Banks on move to avert crisis

Dumisani Ndlela


ZIMBABWE’S biggest banks are demanding the central bank re-price all long-dated paper to avert imminent bankruptcies because of costly treasury bill (TB) portfolios, businessdigest established this week.

The five major banks, which co

ntrol close to 90% of all deposits in the financial services sector, want Reserve Bank of Zimbabwe governor Gideon Gono to re-price all long-dated paper priced below 200% to at least 400% per annum.

Documents shown to businessdigest indicate that the bankers are also demanding that TB instruments issued in October 2005 in exchange for reduced statutory reserves be liquidated, saying the policy that introduced them had been reversed.

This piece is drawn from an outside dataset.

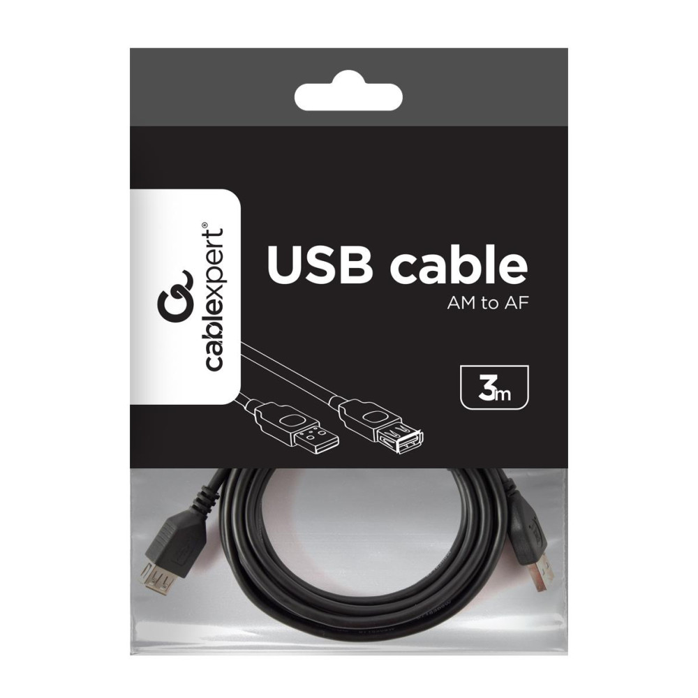 Summary Gembird 3m USB 2.0 A M/FM. Cable length: 3 m. Connector 1: USB A, Connector 2: USB A, USB version: USB 2.0, Connector gender: Male/Female, Product colour: Black
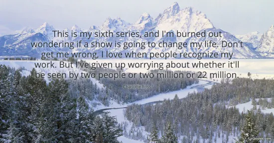 Ross, Charlotte. "This is my sixth series, and I'm burned out wondering if a show is going to change my life. Don't get me wrong, I love when people recognize my work. But I've given up worrying about whether it'll be seen by two people or two million or 22 million." FixQuotes. January 17, 2026. https://fixquotes.com/quotes/this-is-my-sixth-series-and-im-burned-out-40021/.

Last week, the Zimbabwe Independent reported that five commercial banks — Standard Chartered Bank, Commercial Bank of Zimbabwe, Barclays Bank, Stanbic Bank, and Zimbabwe Banking Corporation — were holding huge TBs in their portfolios, most of which had yields averaging 300%.

The TB assets were financing borrowings at rates in excess of 850% under the central bank’s overnight accommodation facility, creating huge gaps between their financing costs and the cost of their assets.

This had raised the risk of wiping out the banks’ accumulated capital at a time they were expected to meet higher capital levels in excess of $1 trillion by September 30 this year.

Currently, the commercial banks’ capital requirements are pegged at $100 billion per institution.

The banks, speaking through the Bankers Association of Zimbabwe, said the 90-day TB rate was low at 525% and should be increased to at least 700% in line with the accommodation rate.

This, they said, would eliminate distortions currently prevalent on the market. The central bank, they said, should revert to the old regime when the TB rate was linked to the accommodation rate.

“The statutory reserve ratio should not be higher than what the banks are allowed to retain of clients’ deposit funds as this creates a mismatch in balance sheets,” the bankers said.